Conidia (106) of the pbrB(p)::pbrB::GFP strain were inoculated into two flasks containing 50 ml of BHI broth. Each flask was incubated in a shaking incubator at 28°C or 37°C for 3 days. Mycelia from the 28°C culture were poured onto Miracloth and rinsed with cold PBS before microscopic examination. Fungal cells from the 37°C culture were harvested by centrifugation, washed with cold PBS, placed on a microscope slide and examined using an Olympus Provis AX70 fluorescence microscope.

To examine conidiating fungal cells, a piece of ANM agar block (about 10 x 10 x 5 mm) was placed on a sterile glass slide. Conidia from the pbrB(p)::pbrB::GFP strain were inoculated on each side of agar block. A cover glass was placed on the top of the agar block. The slide culture was incubated in a humidified chamber at 28°C for 10 days. The agar block was removed and fungal cells that remained attached to the slide were fixed with absolute ethanol before air drying in a biosafety cabinet. Fungal cells on the slide were incubated with 5 mg/ml Trichoderma harzianum cell wall lysing enzyme (Sigma-Aldrich, UK) dissolved in osmotic buffer [27] at 37°C for 30 minutes and then the solution was poured off. Fungal cells were permeabilized by the addition of 0.2% Triton X-100 in PBS for 5 minutes. Slides were washed with cold PBS solution. Immunofluorescence staining was performed as previously described [20]. Briefly, slide cultures were blocked with Superblock Blocking Buffer (Pierce, USA) at 37°C for 2 hours. The slides were incubated with 10 μg/ml of anti-melanin IgM antibody, kindly provided by Dr. Sirida Youngchim [20], at 37°C for 1.5 hours.
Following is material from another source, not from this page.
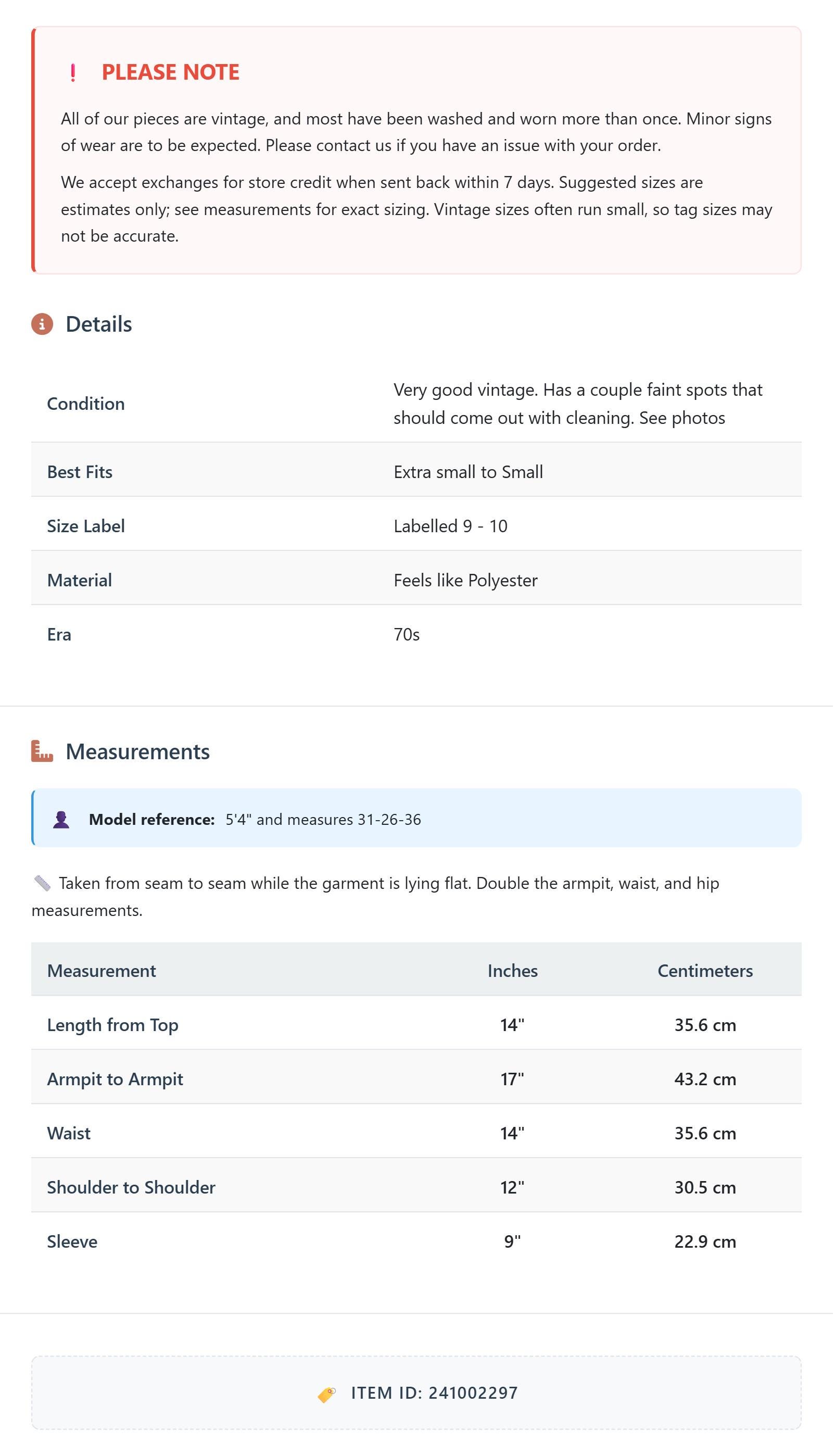 All of our pieces are vintage, and most have been washed and worn more than once. Minor signs of wear are to be expected. Please contact us if you have an issue with your order. We accept exchanges for store credit when sent back within 7 days.

Slides were washed with PBS and then incubated with a dilution 1:100 of rhodamine-labeled goat anti-mouse IgM antibody (Jackson Immunoresearch Laboratories, USA) at 37°C for 1.5 hours. After washing, cells were observed under a fluorescence microscope. The negative control samples were produced by omitting the anti-melanin IgM binding step in order to assess the background caused by non-specific binding of secondary antibody. The Superblock Blocking buffer used to dilute anti-melanin IgM was added, instead of using anti-melanin IgM, before incubating with secondary antibody.
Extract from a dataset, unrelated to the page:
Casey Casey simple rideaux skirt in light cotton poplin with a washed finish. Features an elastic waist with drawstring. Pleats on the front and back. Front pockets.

To examine chitin deposition, calcofluor white staining was performed as previously described [33]. Three-day-old fungal cells were harvested from BHI broth culture as described above and the cells were washed with PBS before staining.

Results

The green pigment synthesized during conidiation in T. marneffei is dihydroxynaphthalene melanin

To examine if the green coloration of conidia was attributed to DHN-melanin, T. marneffei conidia were inoculated onto medium with or without the inhibitor tricyclazole. Tricyclazole inhibits the two hydroxynaphthalene reductases functioning in DHN-melanin synthetic pathway (Fig 1A) [2325]. In the absence of tricyclazole, T. marneffei conidia appeared green (Fig 1B). In contrast, in a presence of tricyclazole, the T. marneffei conidia appeared yellow (Fig 1B). This suggests that the synthesis of DHN-melanin contributes to the green coloration of conidia during asexual development.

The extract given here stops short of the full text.